[PROBLEM]:
The expected result is a verbatim repetition of the lines from the start of the entries through the line containing "Слайд 24ВЫБОР ПРОФЕССИИ", with the pictures removed.

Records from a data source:
------------

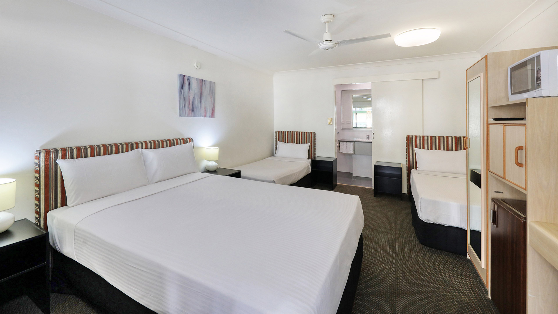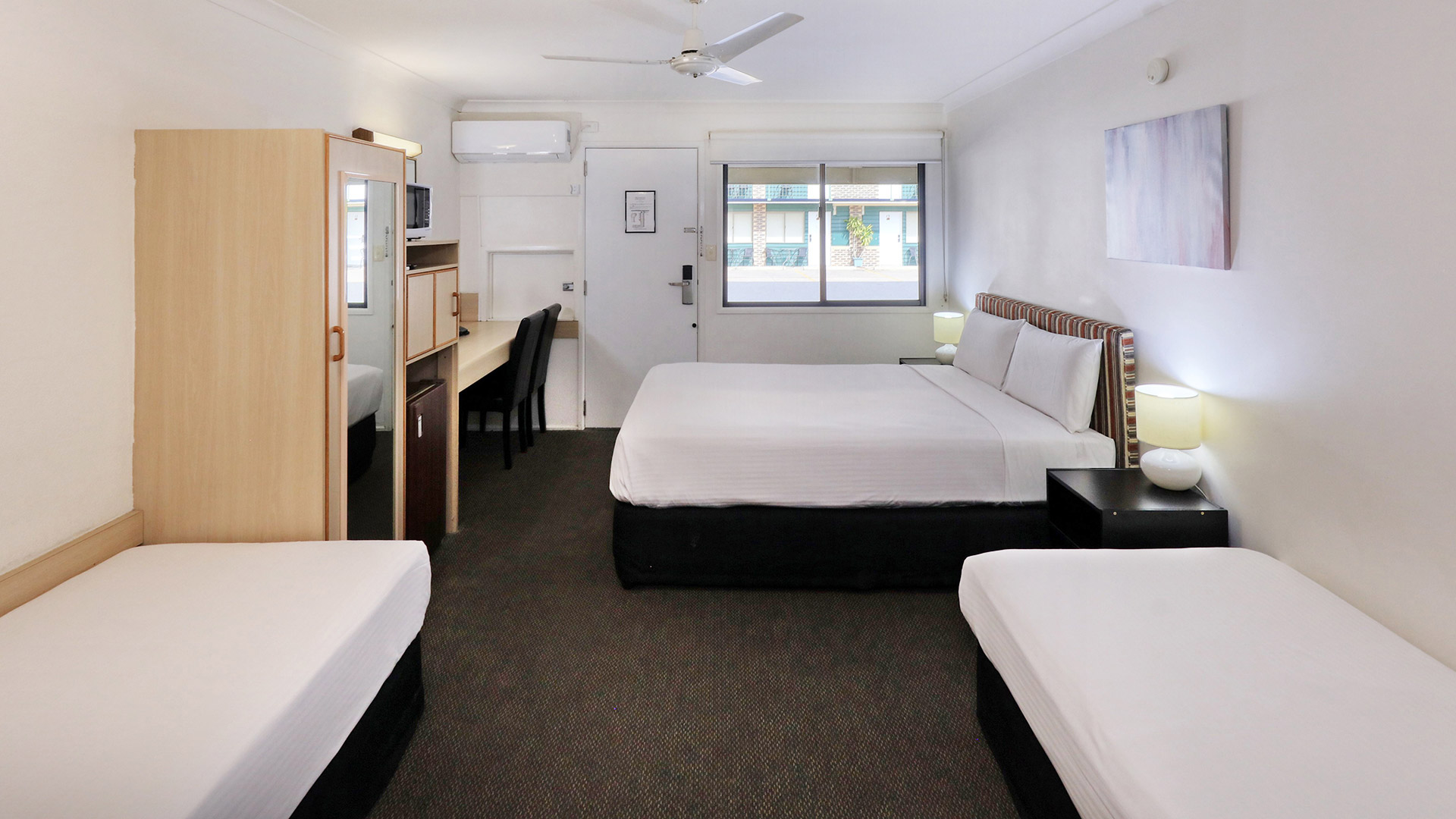 - 1 Queen and 2 Single Beds
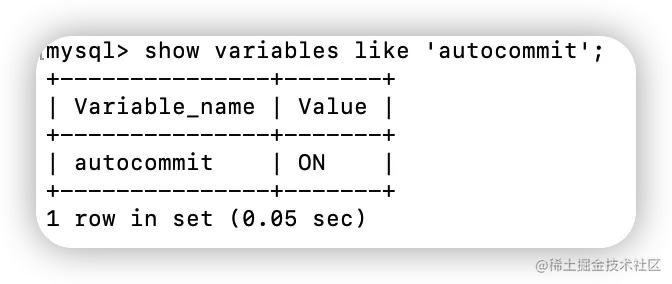 mysql> show variables like 'autocommit';+---------------+-------+| Variable_name | Value |+---------------+-------+| autocommit | OFF |+---------------+-------+1 row in set (0.01 sec)
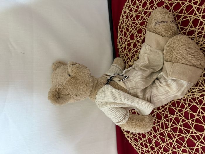 doudou ours en peluche beige pantalon rayé gilet tricot louise mansen - photo numéro 6
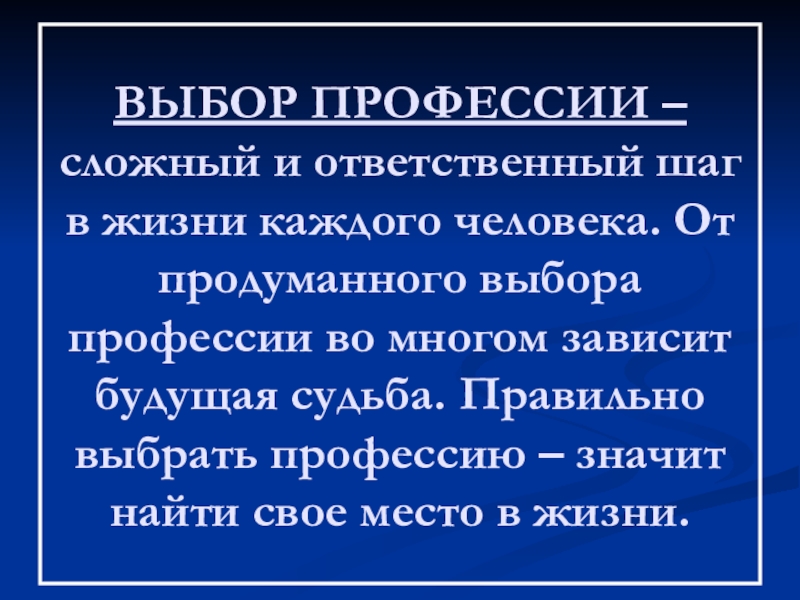 Слайд 24ВЫБОР ПРОФЕССИИ – сложный и ответственный шаг в жизни каждого человека.
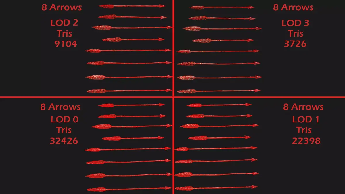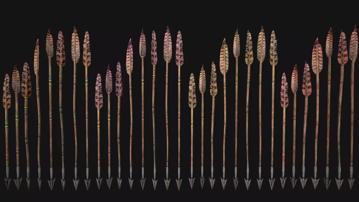 Game ready models .The model contains lods, detailed information on the images.Stylized and detailed Medieval Wooden Arrows fully textured, sculpted and rendered with Physical based rendering (PBR) - Shown images have been rendered in Marmoset Toolbag .The set contains 8 models of arrows.The set contains 4 color options.
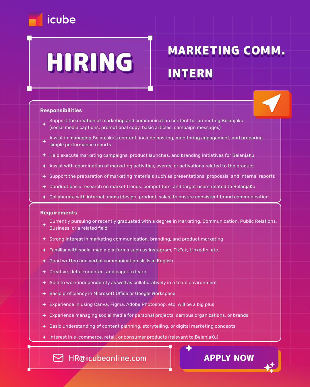 Bergabunglah dengan tim kreatif dan inovatif kami di ICUBE! Kami mencari talenta terbaik yang siap berkontribusi dan tumbuh bersama.
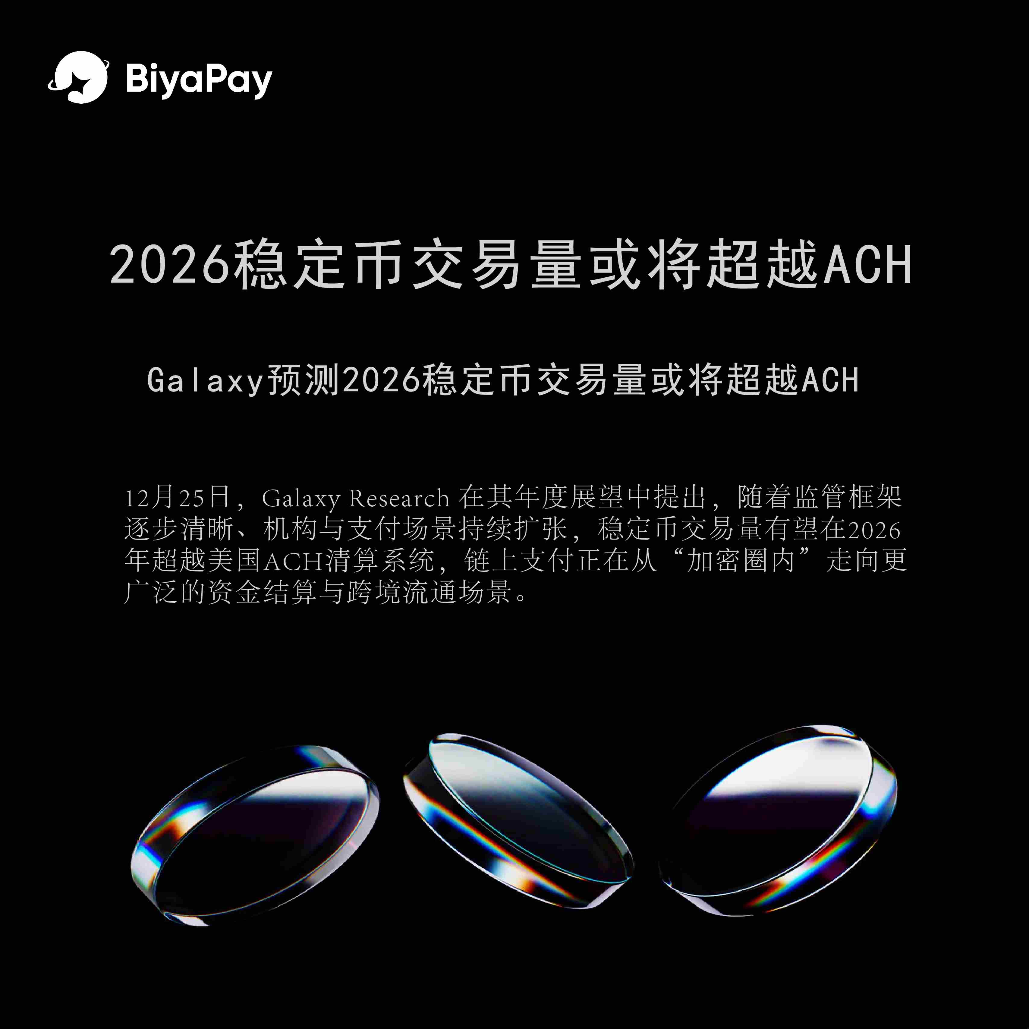 Deep Tide TechFlow Haberleri, 25 Aralık – Galaxy Research yıllık görünüm raporunda, düzenleyici çerçevelerin netleşmesi ve kurumsal ve ödeme senaryolarının genişlemeye devam etmesiyle birlikte, stablecoin işlem hacminin 2026 yılına kadar ABD ACH takas sistemini geçmesinin beklendiğini belirtti. Zincir üstü ödemeler, “kripto alanı içindeki” kullanımdan, daha geniş fon mutabakatı ve sınır ötesi dolaşım senaryolarına geçiş yapıyor.
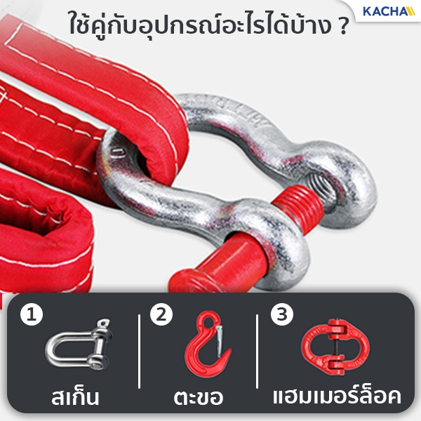 Kacha (แท้) สายพานยกของ สีขาว มีห่วงหัว-ท้าย สลิงผ้าใบ 3 ตัน สลิงผ้าใบ สลิงโพลีเอสเตอร์ หลายขนาด
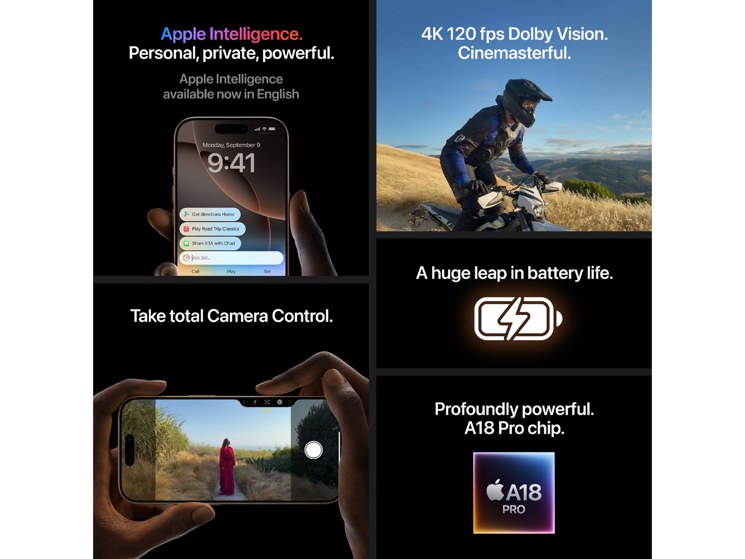 iPhone 16 Pro. Med en iögonfallande design i titan. Kamerareglage. Dolby Vision i 4K med 120 bilder/s. Och A18 Pro-chippet.
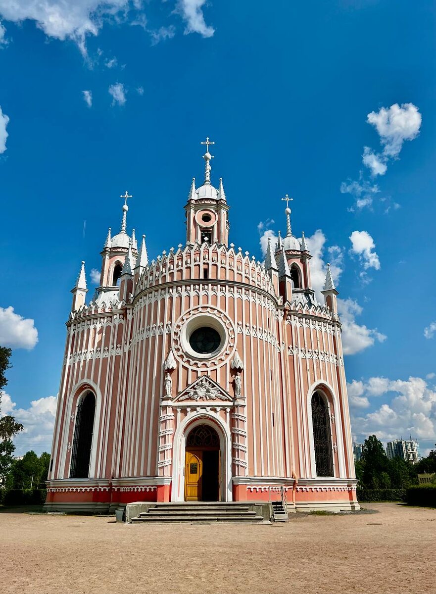 Чесменская церковь (официальное название - Церковь Рождества Иоанна Предтечи) расположилась среди жилых кварталов в Московском районе. Смотрится она необычно: то ли волшебный домик, то ли большая новогодняя игрушка. Чесменский дворец, спрятанный среди зелени напротив храма напоминает, скорее, Инженерный замок и смотрится куда менее празднично. Он был построен в 1774-1777г. по проекту архитектора Ю. Фельтена, использовался как место отдыха императрицы Екатерины II по пути в Царское село и именовался Кекерикетсинским, по названию местности Кекерики (В переводе с финского "кекерики" - "лягушачье болото"). По преданию, именно здесь императрица получила весть о победе русского флота над турецким в местечке Чешме, и дворец переименовала. В Чесменский. А напротив дворца отстроили Чесменскую церковь. Вход в нее украшают две статуи (Вера и Надежда) и барельеф с изображением всевидящего ока. Внутри - все достаточно аскетично, но нужно понимать, что после революции храму пришлось многое пережи
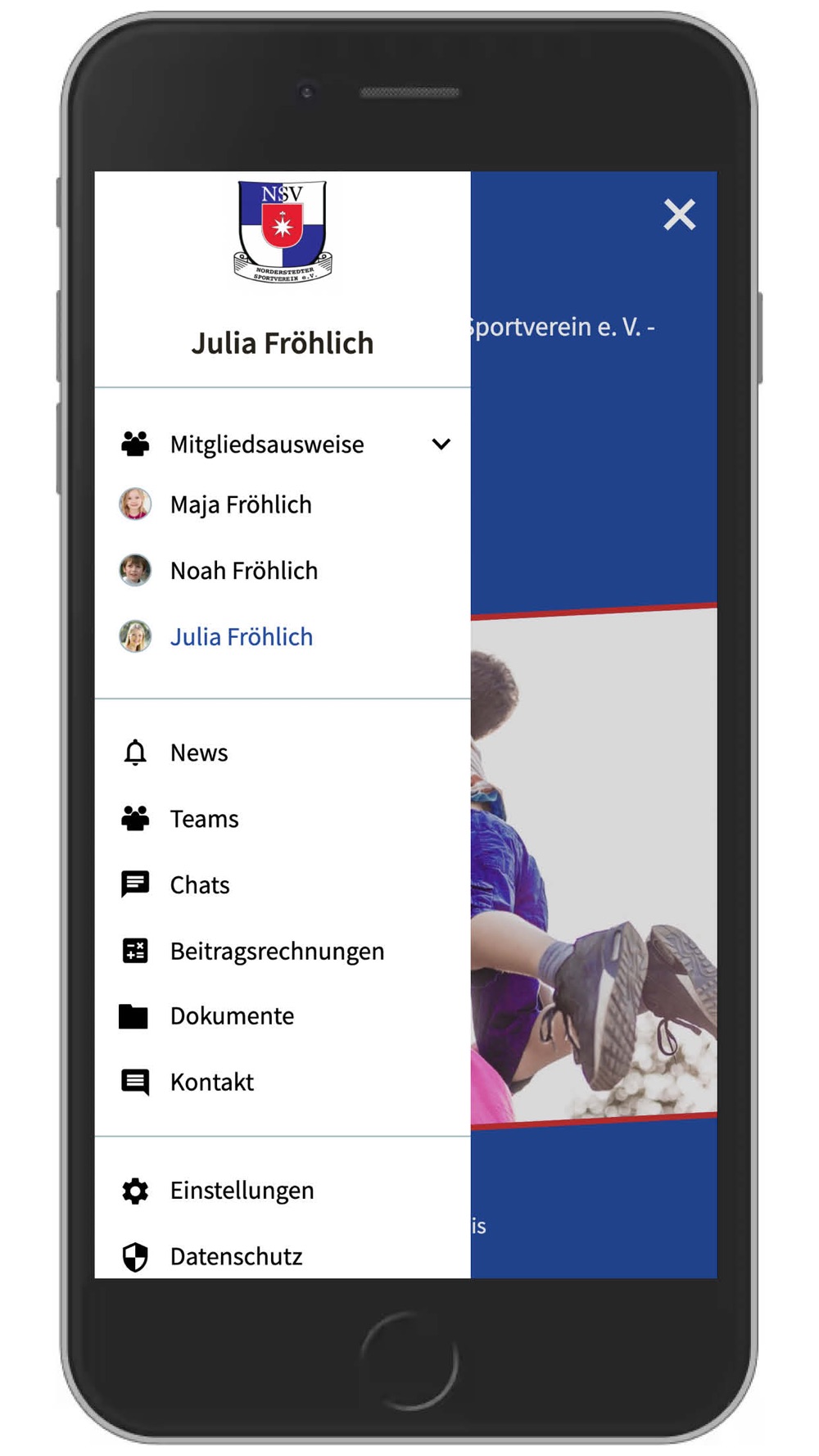 Mit der neuen und kostenlosen NSV-Mitglieder-App bist Du immer brandaktuell über das Geschehen in unserem Verein informiert und hast alle relevanten Vereinsinformationen- und Kontakte zur Hand - auch von unterwegs. Ändere Deine Kontaktdaten mit nur wenigen Klicks, verwalte auf Wunsch auch die Daten Deiner Kinder und profitiere dabei vom integrierten Mitgliedsausweis mit komfortablem Check-In in den Sportstätten. Zahlreiche weitere Funktionen kommen im Laufe des Jahres hinzu.

------------

[RESPONSE]:
 - 1 Queen and 2 Single Beds
 mysql> show variables like 'autocommit';+---------------+-------+| Variable_name | Value |+---------------+-------+| autocommit | OFF |+---------------+-------+1 row in set (0.01 sec)
 doudou ours en peluche beige pantalon rayé gilet tricot louise mansen - photo numéro 6
 Слайд 24ВЫБОР ПРОФЕССИИ – сложный и ответственный шаг в жизни каждого человека.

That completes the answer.